Il est particulièrement difficile de mesurer la valeur des soins de santé. Les données traditionnelles permettent par exemple de connaître le nombre de lits d’hôpitaux ou de médecins pour 100 000 habitants, mais que doit-on conclure si certains utilisateurs des services de santé vont mieux et d’autres non ? Ou si les coûts pour un même résultat soient beaucoup plus élevés dans certains pays que dans d’autres ?

L’utilisation de techniques de diagnostic onéreuses et de traitements coûteux ne va pas nécessairement de pair avec une meilleure santé, indique un nouvel ouvrage de l’OCDE, A Disease based Comparison of Health Systems: What is best and at what cost? (Comparaison des systèmes de santé fondée sur les maladies : les meilleures solutions et leurs coûts), qui compare les différentes approches adoptées dans 17 pays en matière de soins de santé.
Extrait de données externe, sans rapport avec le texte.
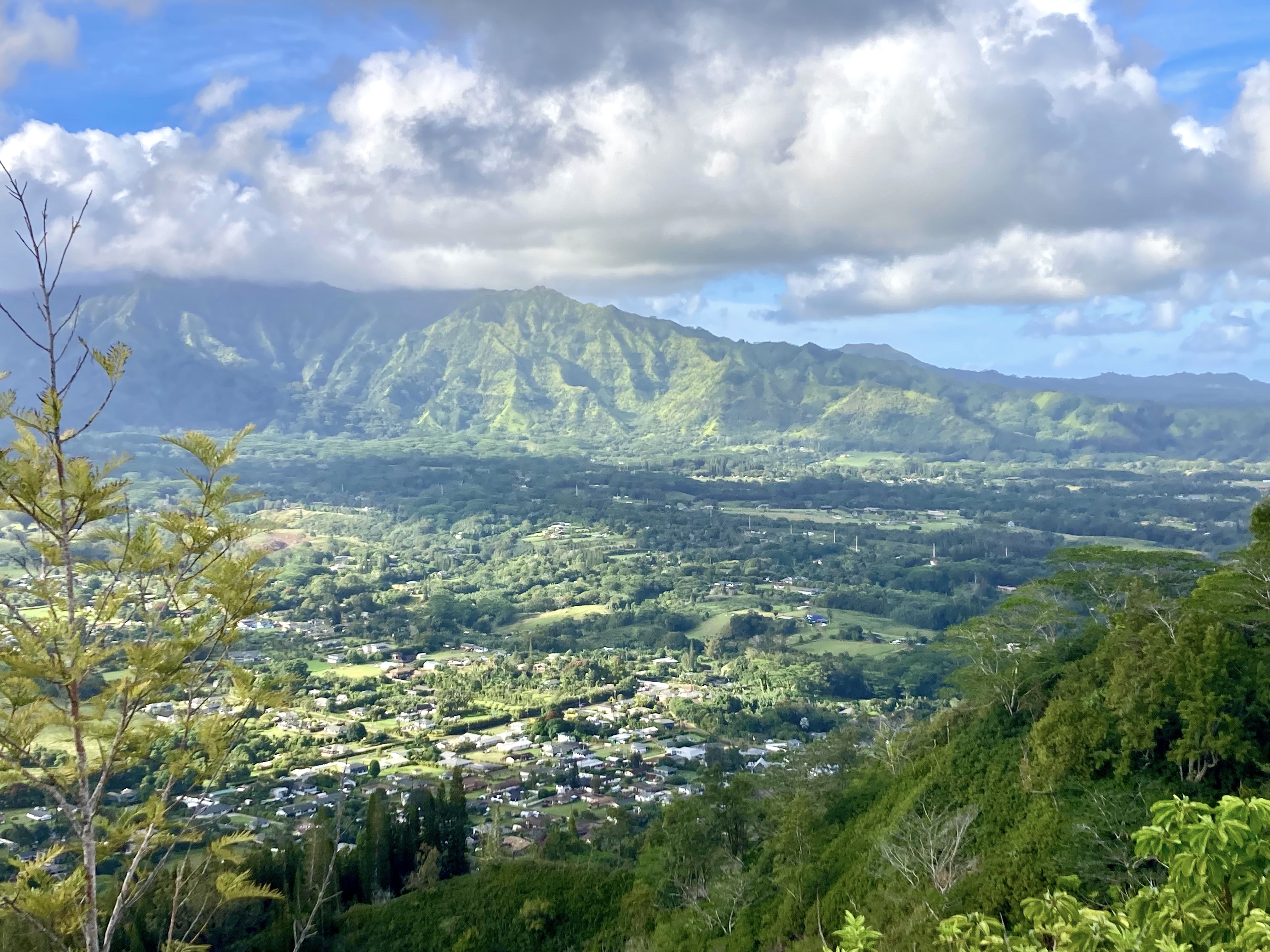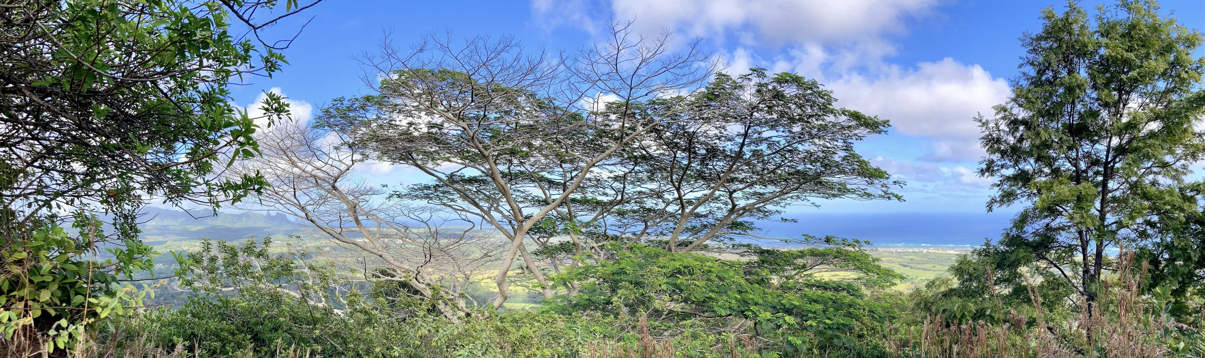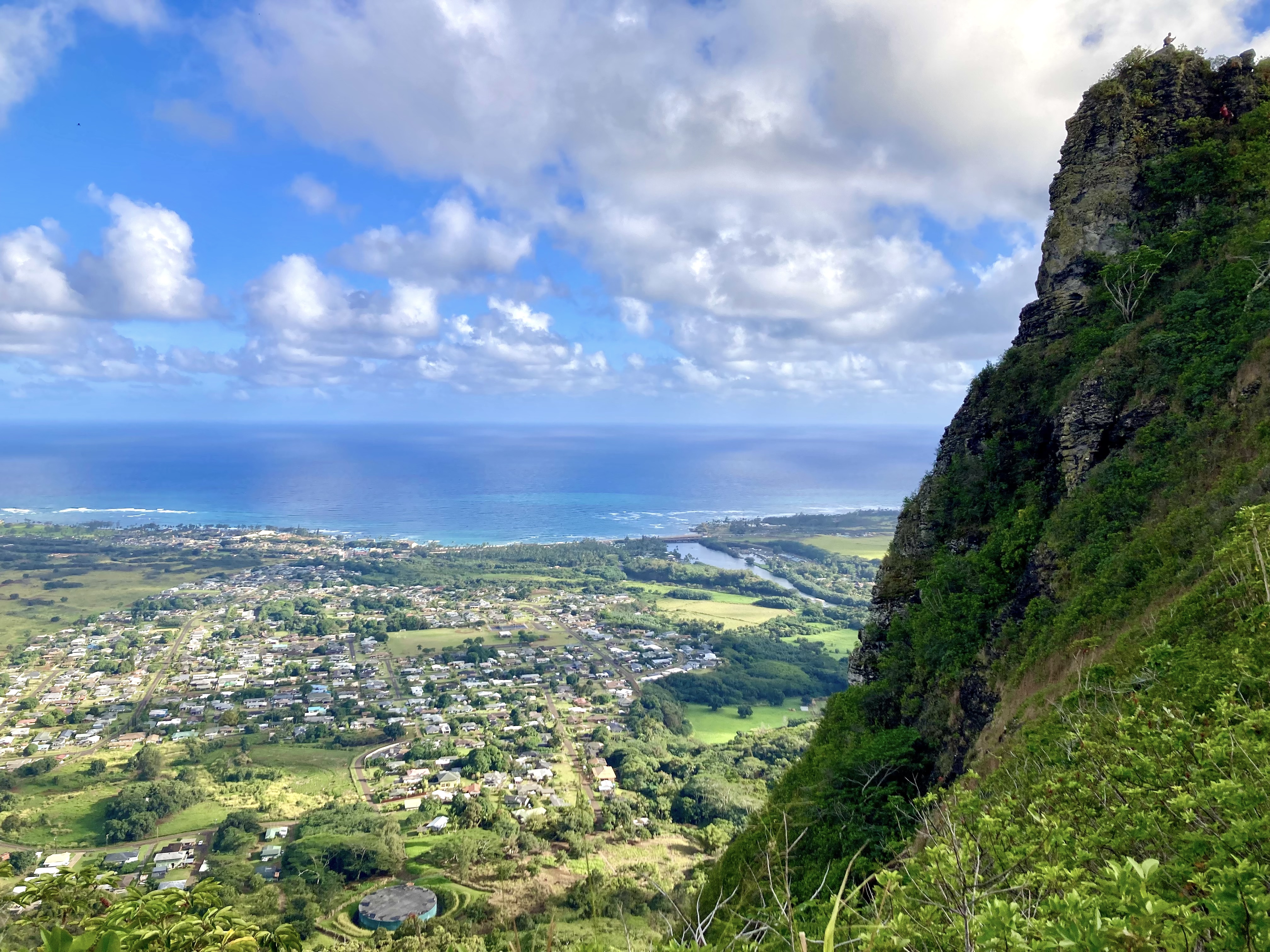 Next up was a hike. This was one of the main reasons for us to come to Kaua’i. Chelly has become quite the avid hiker in recent years, and I have always been. I was born hiking. Anyway, Kaua’i is well known for trails and mountains and waterfalls and such, and we thought we’d do a bunch on this trip. Here it was day 4 already and we hadn’t done one, so I Googled “hiking trails near me” and found a close one called “The Sleeping Giant”. The Sleeping Giant is the lonely steep-sided peak of an isolated mountain ridge. It’s not too high, but looks dramatic, and has breathtaking views. The proper Hawaiian name for the place is Nounou. We parked at the Nounou East trailhead and headed up, passing loads of wild chickens on the way. Wild chickens are a thing here. Kaua’i is known for them. I heard a legend that they escaped from someone’s farm long ago, and in the absence of natural predators, they have multiplied and spread across the island. I bet that’s a great thing for hungry and homeless people; there’s always some easy food running around in both the town and the forest.

Rédigé par des experts de renom des pays de l’OCDE, cet ouvrage évalue les traitements utilisés face à trois types de maladies : les cardiopathies ischémiques, les accidents vasculaires cérébraux et les cancers du sein. Il compare les coûts de ces traitements au taux de mortalité des patients. Cette analyse fait partie des premières études sur les dépenses de santé réalisées de cette façon et portant sur plusieurs pays à la fois.Le rapport considère que les systèmes de santé nationaux sont dans un certain sens des expériences économiques. En effet, chaque pays utilise des mécanismes financiers et des dispositifs de prestation de soins différents pour atteindre le but commun d’améliorer la santé des citoyens. L’ouvrage indique également que les modalités de comparaison entre les systèmes de santé nationaux doivent être modifiées : au lieu d’envisager uniquement les dépenses encourues par chaque pays, il faut suivre le patient après la phase de diagnostic pour déterminer si les dépenses consacrées au traitement sont justifiées. Après l’analyse de données provenant de sources diverses, le projet, d’une durée de trois ans, a permis de constater que les systèmes de santé fondés sur des régimes d’assurances ont souvent recours à des technologies coûteuses. En revanche, les systèmes publics intégrés, déterminés à exercer un contrôle plus strict sur les dépenses, utilisent ces technologies de manière plus restreinte.